I'm sure the 300 f/2.8 and MkIII are an awesome combination too, just not travelling to Uganda with weight restrictions . I struck lucky, getting a mint one that had only been used twice. They now sell used (at least from retailers) for £1000 more than I paid. Even sold privately on eBay, they are at least £500 more than I paid.


----------



## bdunbar79 (Jul 12, 2012)

Kernuak said:


> Razor2012 said:
> 
> 
> > bdunbar79 said:
> ...



I will ONLY travel to football games with the 300 f/2.8 already pre-mounted to a monopod and no farther from my car to the stands.


----------



## Razor2012 (Jul 12, 2012)

bdunbar79 said:


> Kernuak said:
> 
> 
> > Razor2012 said:
> ...



Do you have the I or II?


----------



## bdunbar79 (Jul 12, 2012)

There are a ton of versions, so I'll type the whole title to the version I have:

300mm f/2.8L IS I

The II is probably much lighter.


----------



## Razor2012 (Jul 12, 2012)

bdunbar79 said:


> There are a ton of versions, so I'll type the whole title to the version I have:
> 
> 300mm f/2.8L IS I
> 
> The II is probably much lighter.



I know the 400II is lighter than the I. Awesome lens.


----------



## Kernuak (Jul 12, 2012)

Razor2012 said:


> bdunbar79 said:
> 
> 
> > There are a ton of versions, so I'll type the whole title to the version I have:
> ...


The 300 MkII is lighter also. I also have the 300 f/2.8 L IS USM original and it gets quite heavy after walking around with it in a rucksack for an hour or two, along with two bodies and a few other lenses. I think I'm carrying around 30kg at times.


----------



## Razor2012 (Jul 12, 2012)

The IQ from the 300 ver I is outstanding from what I have seen, I'm not sure if ver II improves much in that department.


----------



## wickidwombat (Jul 13, 2012)

I would NOT buy a used 5Dmk3 after having a faulty unit there are definately bad copies out there. this would be the main reason people are dumping them so early too much risk IMO

buy it new get a warranty and if you get a dud take it back


----------



## bdunbar79 (Jul 13, 2012)

Razor2012 said:


> The IQ from the 300 ver I is outstanding from what I have seen, I'm not sure if ver II improves much in that department.

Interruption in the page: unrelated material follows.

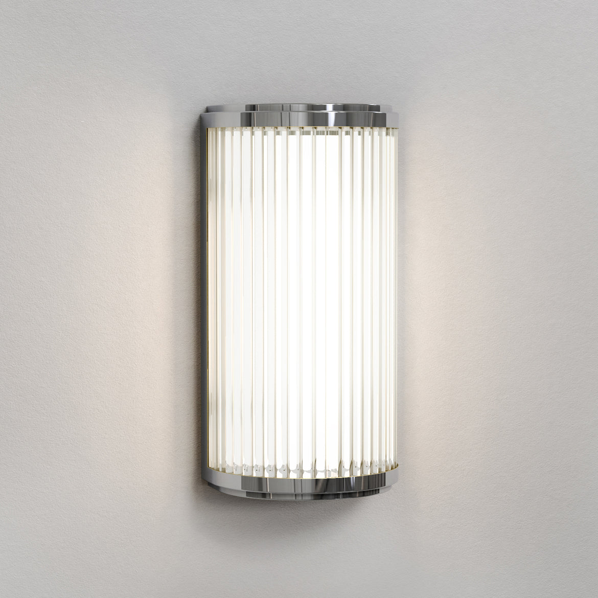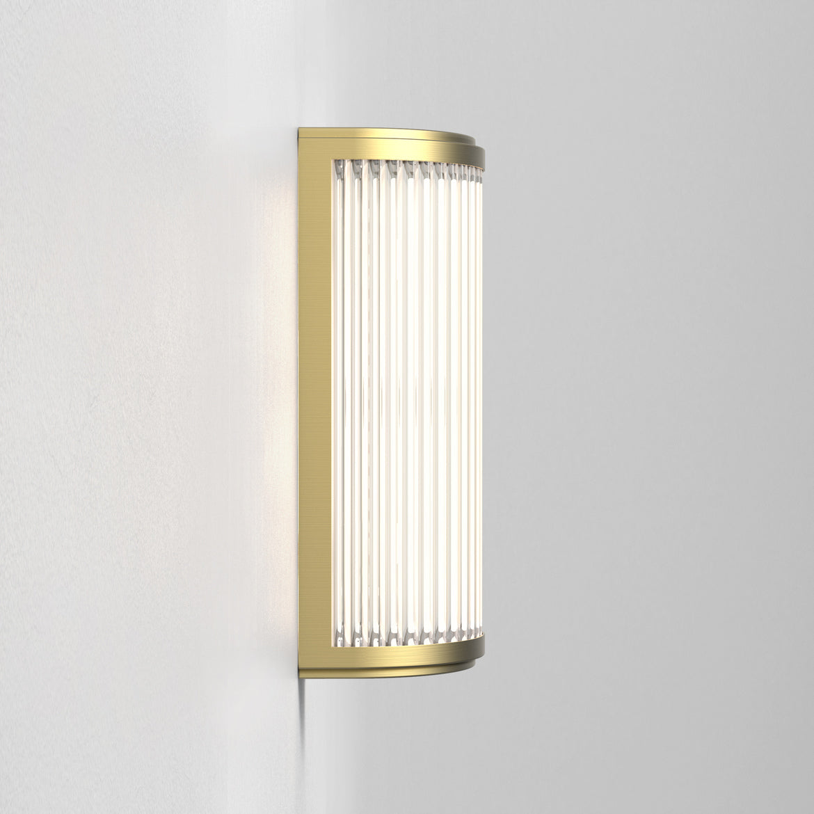 Intended primarily for bathrooms, but the streamlined design of the Versailles complements any space. Made from individual glass rods with metal end caps, it provides functional, glare-free task lighting that exudes vintage glamour. Available in matt gold or polished chrome finishes.

From what I've seen and Bryan Carnathan's website, no the Version II does not offer an enchanced IQ; the selling point was updated IS motor and less weight. Here's what I did. I saw the price of the new one, $7299 at B&H. I then found a version I that was actually in great shape, including the lens mount and the glass was clean, and bought that for $4500. I don't mind the weight since I'm at a fixed sporting event site when using it. So I was able to save $2800 and am getting the exact same IQ. 

For the 400 I did the exact same thing. Found a fantastic version I copy for $5999 vs. the newest price around $10,900 or some even for $11,400. Again, same IQ, more weight, $5k cheaper. 

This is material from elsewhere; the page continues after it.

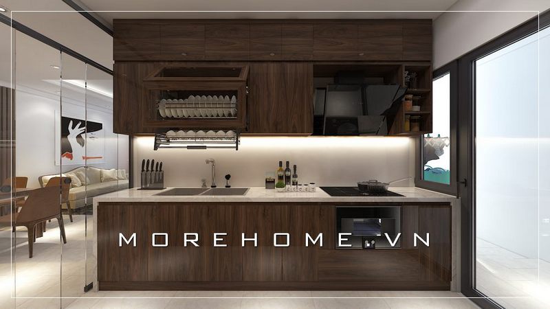 Thiết kế phòng bếp hiện đại với nội thất gỗ tự nhiên đơn giản, tiện nghi cho nhà chung cư

Since I saved $7800, that I'd say was a great deal. Not that spending that kind of money is a great deal, I'd just say relatively speaking $9500 is cheaper than $20,000.

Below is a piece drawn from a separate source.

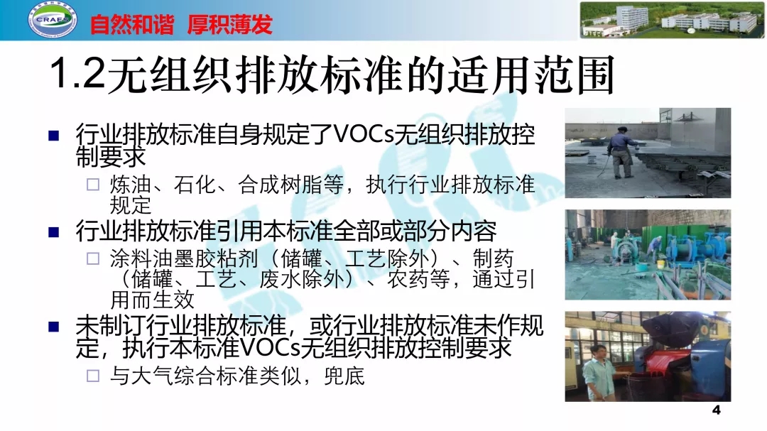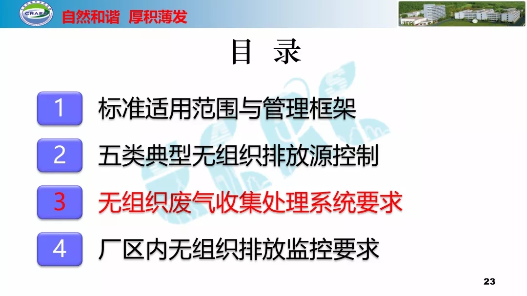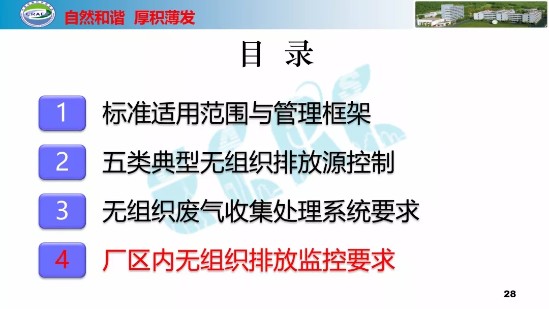 主要包括:標(biāo)準(zhǔn)適用范圍與管理框架、五類典型無(wú)組織排放源控制、無(wú)組織廢氣收集處理系統(tǒng)要求、廠區(qū)內(nèi)無(wú)組織排放監(jiān)控要求等四方面的內(nèi)容。

Will I ever spend that much at once on lenses again? NO.


----------



## Razor2012 (Jul 13, 2012)

bdunbar79 said:


> Razor2012 said:
> 
> 
> > The IQ from the 300 ver I is outstanding from what I have seen, I'm not sure if ver II improves much in that department.
> ...



That's great, you saved alot of money there and have a couple of awesome lenses.


----------